After the mixed air flow passes through the guide device 42, the forming process is carried out. At this stage, the short fiber 1 and the particulate matter 2 are mainly deposited on a moving forming net 52 by using the suction device 51, and the forming net 52 is formed by using the conveying device. 53 to make it move forward, and the air suction device 51 can adjust the air intake and the feed air flow 41 to achieve a balance, that is, there will be no difference in air flow velocity on both sides of the molding surface. If the air intake is insufficient, the feed air flow 41 will be reversed. The short fiber 1 and the functional particulate matter 2 will be blown away and cannot be formed. If the air intake is too large, it will affect the transmission speed in the diffusion mixing transmission area 4, and it is easy to cause the two materials to be mixed and interwoven evenly and quickly, and damage the The structural uniformity of the filter material, therefore, the adjustment of the suction device 51 is absolutely necessary during molding. During molding, due to the three airflow areas A1, A2, and A3 formed during diffusion and mixing, when molding on the forming net 52 at the same time, three stages of molding can be formed. As shown in Figure 3, stage I is formed by the assembly of bottom fibers Accumulation, because the forming net 52 is in continuous motion, it then enters stage II, where short fibers 1 and particulate matter 2 are interwoven and accumulated, and finally the fiber aggregates of stage III are deposited on it, initially forming a functional three-layer structure filter material.

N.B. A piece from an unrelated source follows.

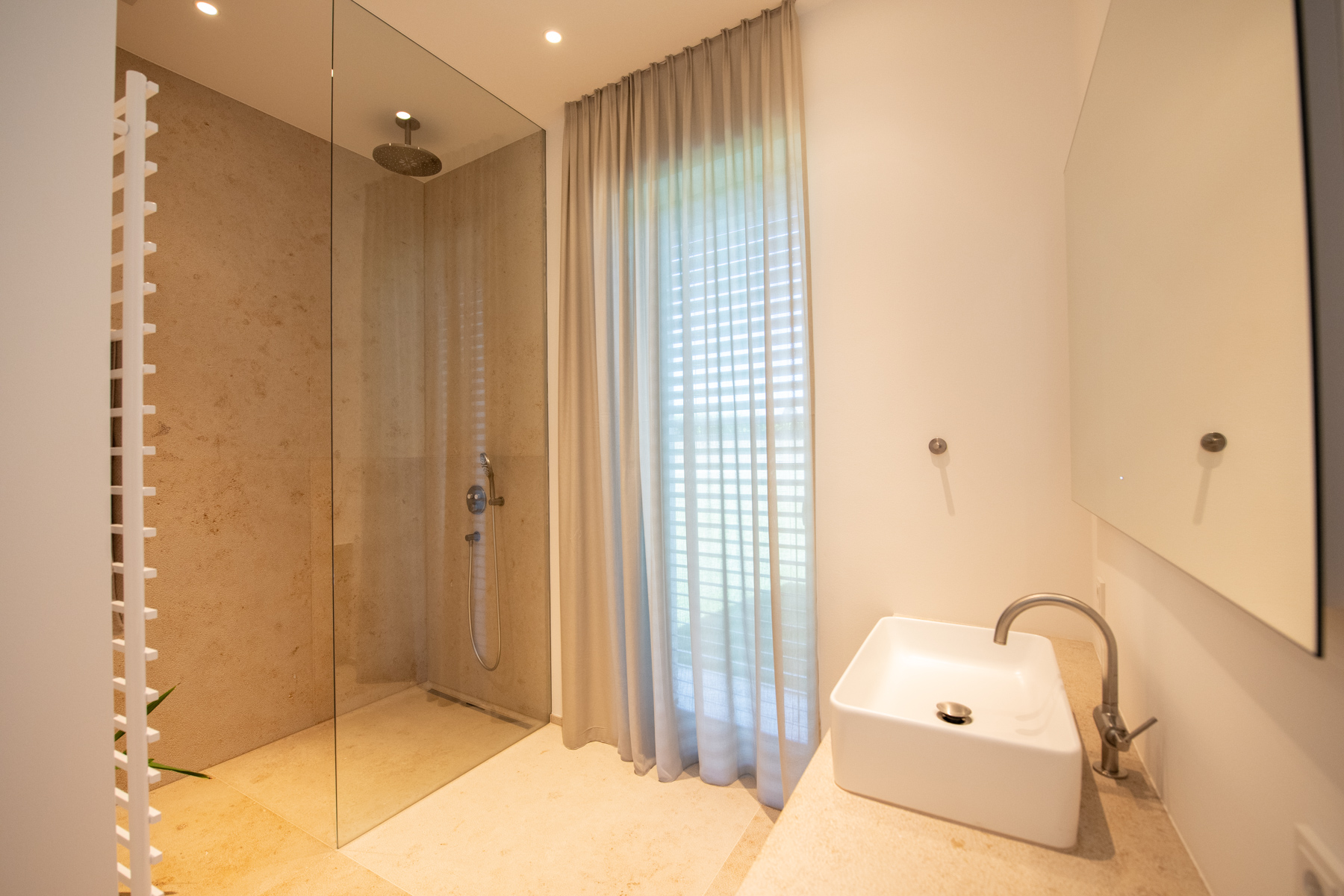 „Die große Dusche ist ein echtes Highlight – Wellness für jeden Tag. Auch das Gästebad lässt keine Wünsche offen. Alles ist sehr hochwertig, die Materialien sind top. Qualität, die man sieht und spürt.”

During molding, the three stages are carried out at the same time. The feeding airflow 41 mixes the short fibers and particulate matter 2 to the forming net 52, and then uses the suction device 51 to remove the feeding airflow 41. The entire process airflow is at In a steady state operation, the air flow is steady through the formed structure. The main key of gas dynamic forming is to control at this stage. The cross-sectional structure of the preliminary filter material 8 after forming is shown in Figure 3. The filter material 8 presents an obvious three-layer three-dimensional structure, which includes:

A protective layer 81 is located at the bottom layer of the formed filter material, mainly composed of short fibers 1, and presents a relatively densely packed state;

An adsorption layer 82 is located above the protective layer, mainly composed of functional particulate matter 2, and is evenly interwoven with short fibers to form a three-dimensional structure, wherein the packing density of the functional particulate matter is relatively sparse. The pore density of the final short fiber aggregate is relatively dense, so that the interface between the short fiber and the surface of the functional particulate matter forms a non-linear airflow channel 84;

A uniform flow layer 83 is located above the aforementioned adsorption layer 82, mainly composed of short fibers 1, and presents a relatively loosely packed state.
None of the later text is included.